U.S. Rep. Collin Peterson told The Washington Post recently that the Democratic Party’s increasing liberalization and urbanization is the reason for Donald Trump’s victory.
Peterson represents Minnesota’s 7th district which covers much of the western half of the state. The 38 counties there total more than 35,000 square miles, mostly of farmland and prairie. The voters of this district are overwhelmingly white, and more interestingly for Peterson, conservative.
Peterson is one of the few remaining rural conservative Democrats. For example, he was the only Minnesotan member of Congress, and one of only two Democrats to co-sponsor the Muslim Brotherhood Terrorist Designation Act of 2015. The other Democrat was Rep. Gene Green (TX-29.) The Cook Political Report shows that Peterson is one of only nine Democrats who will remain in Congress whose district voted for Mitt Romney in 2012.
Most of the counties in Peterson’s district voted overwhelmingly for Trump, some by margins in excess of 40 percent. Peterson, however, took 52.5 percent of the vote in his own re-election campaign.
“They don’t like the government telling them what to do or telling them how to live their lives,” Peterson told The Washington Post of voters in his district, “They think [the government is] coddling people, like when people’s feelings are hurt at the colleges and they send somebody in to make them feel better. Stuff like that drives [voters here] crazy.”
Trump’s stances on issues such as repealing the Affordable Care Act and trade protectionism mustered rural support for Trump. Peterson happens to agree with Trump on those issues, and thinks the urbanization of the Democratic Party is pushing issues such that he would never get a Democratic endorsement if he were starting his political career today.
“It’s a problem. Pushing gun control drives people [in my district] crazy, gay marriage, abortion, deficit spending, you name it,” Peterson told The Washington Post, “All of that stuff adds up to be a problem for Democrats.”
Gerrymandering has played a large part in that liberalization in Peterson’s view. He blames the packing of Democrats into urban areas as the catalyst for the urbanization of policies. Gay marriage and abortion tend to be issues held more dearly by city dwellers. With Democratic districts packed into urban area, issues regarding agriculture and other rural concerns tend to get left on the way side.
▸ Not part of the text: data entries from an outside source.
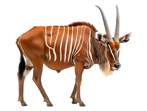 A reddish-brown male nyala antelope with spiral horns and white stripes stands gracefully, isolated on a transparent background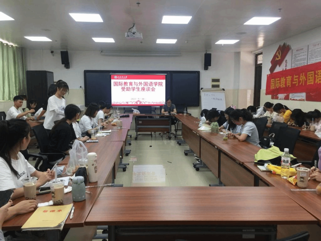 国家助学金是贫困学生求学之路的一个重要保障,为进一步了解受助学生的学习生活情况,培养他们的感恩情怀,2022年5月30日下午,我院在国际教育与外国语学院217教室举办2022年受助学生座谈会。出席会议的有团委书记蓝水萍老师和各班级受资助学生代表。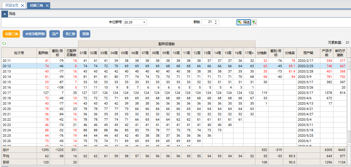 管理者可以用“妊娠三角”选项,每周跟踪所有母猪的变化(下图为Pigup中“妊娠三角”的相关截图)。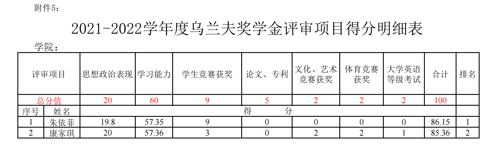 2022学年度乌兰夫奖学金评审项目得分明细表公示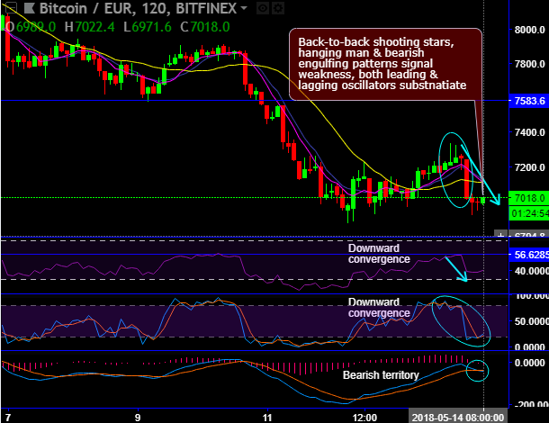 BTCEUR forms back-to-back shooting stars, hanging man and bearish engulfing patterns at 7224.5, 7249.5, 7252.3 and 7016.5 respectively that signal weakness, both leading and lagging oscillators substantiate these bearish sentiments (refer 2H chart).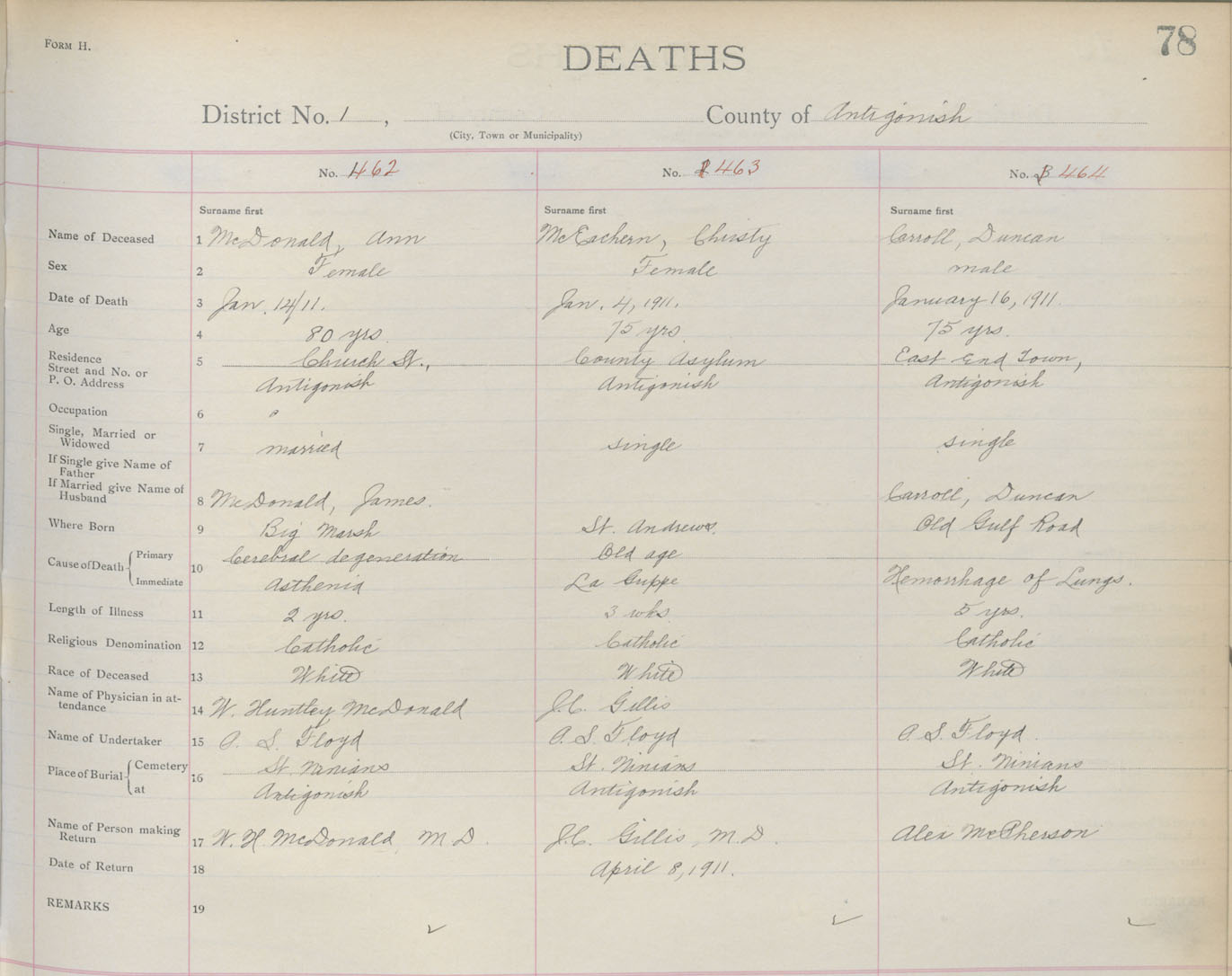 Death Registration: Year: 1910 book: 2 page: 78 number: 462

The Democratic Party’s abandonment of the working class played a key part in Republican victories in 2016. It has also played a large part in post-mortem analyses of the election.
Former Secretary of Labor Robert Reich has penned several vicious opinion pieces for The Guardian hammering his former boss Bill Clinton and Democrats at large for their lapses in policy and politics.
“Democrats have occupied the White House for 16 of the last 24 years, and for four of those years had control of both houses of Congress. But in that time they failed to reverse the decline in working-class wages and economic security,” Reich wrote, “Both Bill Clinton and Barack Obama ardently pushed for free trade agreements without providing millions of blue-collar workers who thereby lost their jobs means of getting new ones that paid at least as well.”
Democrats in Minnesota would have to control both chambers of the state legislature in order to reverse the gerrymandering Peterson views as the big obstacle for the Democratic Party. That may be difficult to do with the way the electoral map will remain shaped for the next four years.
“You can’t have a majority party in Minnesota or throughout the country without [support from] the people in these [rural] districts,” Peterson told The Washington Post, “Given the position [the Democratic Party] has taken, it’s very hard to see how you can do that.”